Let's briefly review the financial data first. Goldman Sachs achieved a revenue of $11.32 billion in the fourth quarter of last year, a slight increase of 7%, better than analysts' expectations of $10.8 billion; In terms of profit, it surged by 51% year-on-year to $2.01 billion, equivalent to a earnings per share of nearly $5.5, far exceeding analyst expectations of $3.51.
Like other banks, Goldman Sachs also provisioned $529 million in related expenses in its fourth quarter report to supplement the deficit of the Federal Deposit Insurance Fund last year. Looking at the entire year of 2023, Goldman Sachs' total revenue was $46.25 billion, a decrease of approximately 2%, while profits decreased by 24% year-on-year to $8.52 billion.
Strategic transformation demonstrates effectiveness
For Goldman Sachs CEO David Solomon, the past year has been a year of ups and downs. Due to the decision to enter the retail business, the company fell into a quagmire, and under heavy pressure, Solomon had to give up his hobby of becoming a DJ. Public information shows that Solomon (formerly known as DJ D-Sol) has not attended any major music festivals since the Lollapalooza music festival in July 2022.
After realizing that the current market environment was not suitable for retail business, Goldman Sachs quickly shifted its focus to asset management and wealth management businesses. The financial report shows that Goldman Sachs' asset management and wealth management business revenue reached $4.39 billion in the fourth quarter of last year, nearly $550 million higher than analyst expectations. The strong appreciation of the stock and bond markets in the fourth quarter of last year, as well as the increase in management expenses, were the main reasons.
In the fourth quarter of 2023, Goldman Sachs not only announced the suspension of its retail consumer business with Apple, but also sold consumer lending firm GreenSky at a significant discount.
A few days ago, there were also reports that Goldman Sachs is vigorously developing its loan business for high net worth clients, despite the relatively calm IPO, M&A, and trading sentiment. It is reported that the private banking clients, wealthy individuals, and families that Goldman Sachs focuses on developing have an average asset of $60 million in this bank. From the perspective of banks, providing loans to high net worth users is also an important channel to win other businesses.
It is reported that Goldman Sachs' wealth management department has recently launched a new type of loan - customers can use the money they invest in low liquidity projects such as private equity funds and private credit as collateral. As for whether the money will be used to buy luxury cars and houses or further engage in financial investment after lending, Goldman Sachs will not intervene.

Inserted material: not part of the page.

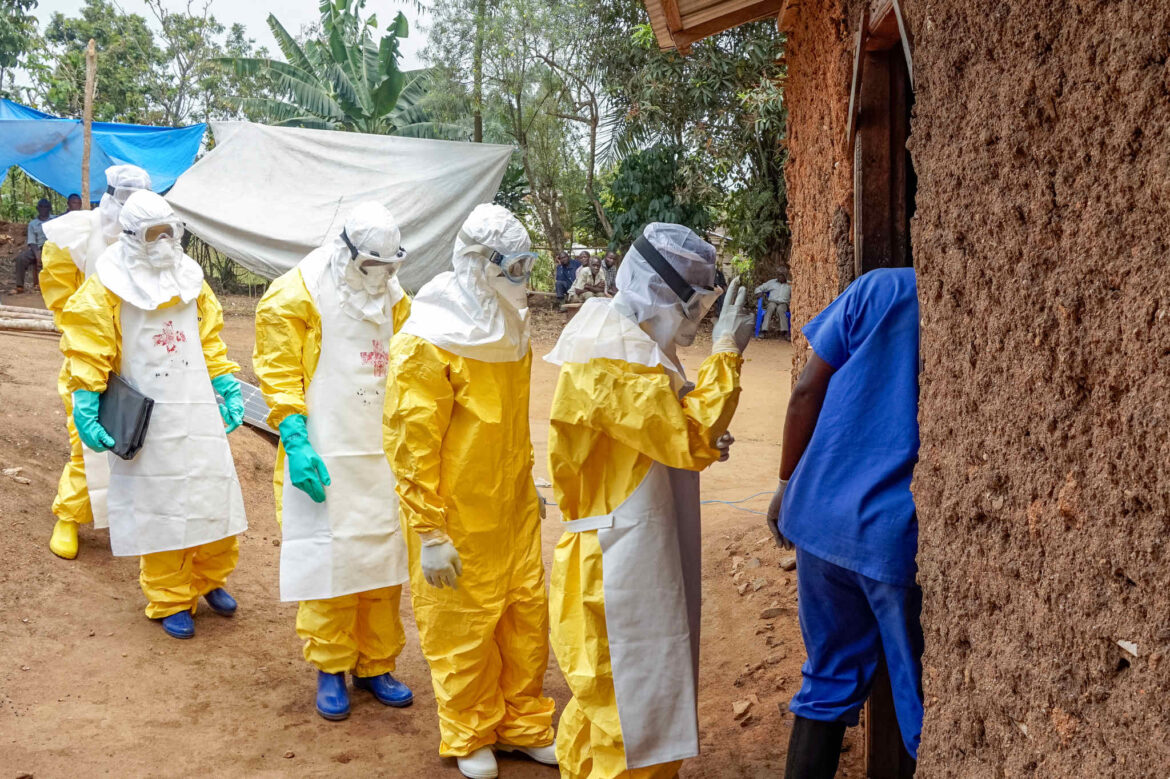 (Pascaline Kavuo Mwasi Saambili, GPJ Democratic Republic of Congo) In March 2019, Ebola response team members prepare to enter a home where a man died in Democratic Republic of Congo. The outbreak in DRC later spread into Uganda, highlighting the complex regional challenges of containing the virus, coordinating cross-border health responses, and navigating local customs during public health emergencies.

Solomon also stated in its financial report that with all the achievements of the company in 2023, coupled with a clear and simplified strategy, we now have a stronger platform for 2024.

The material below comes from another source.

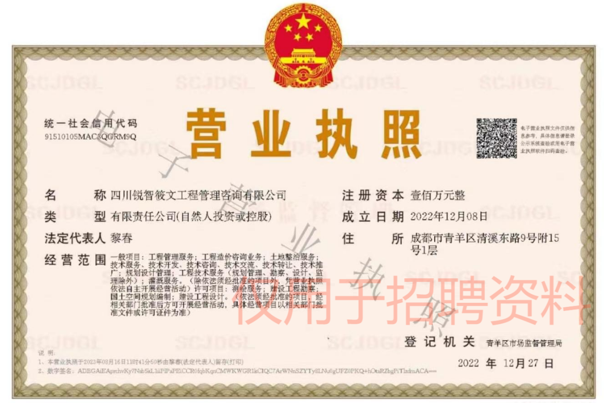 本公司成立于2022年12月8日,目前公司主要业务方向:工程造价,高标准农田规划设计,土地整治项目可行性研究,实施方案的编制,土地资源管理等。现拟招聘实习生,相关情况如下。

Investment banking business awaits recovery
Apart from wealth management, Goldman Sachs' other businesses can only be said to be unsatisfactory. The most closely watched investment banking fee revenue reached $1.65 billion in Q4, roughly in line with market expectations. Investors are still waiting for signals of a recovery in financial market business, and a series of merger and acquisition transactions in early 2024 have also shown a state of many companies being eager and waiting for a long time.
In terms of trading departments, there is a situation of strong stocks and weak bonds. Goldman Sachs Q4 securities trading revenue increased by 26% year-on-year to $2.61 billion, with an expected revenue of $2.22 billion; Fixed income transaction revenue decreased by 24% year-on-year to $2.03 billion, with an expected revenue of $2.53 billion.
Unlike other diversified peers, most of Goldman Sachs' revenue comes from various transactions, so it is easy for its performance to significantly strengthen during good market times; When the market situation is not good, it will also underperform its peers. In 2023, Goldman Sachs' tangible common equity return rate was only 8.1%, lower than the bank's mid-term target of 15% -17%.
Goldman Sachs also disclosed in its latest financial report that after experiencing a wave of layoffs in 2023, the company's workforce has decreased by 7% in the past year.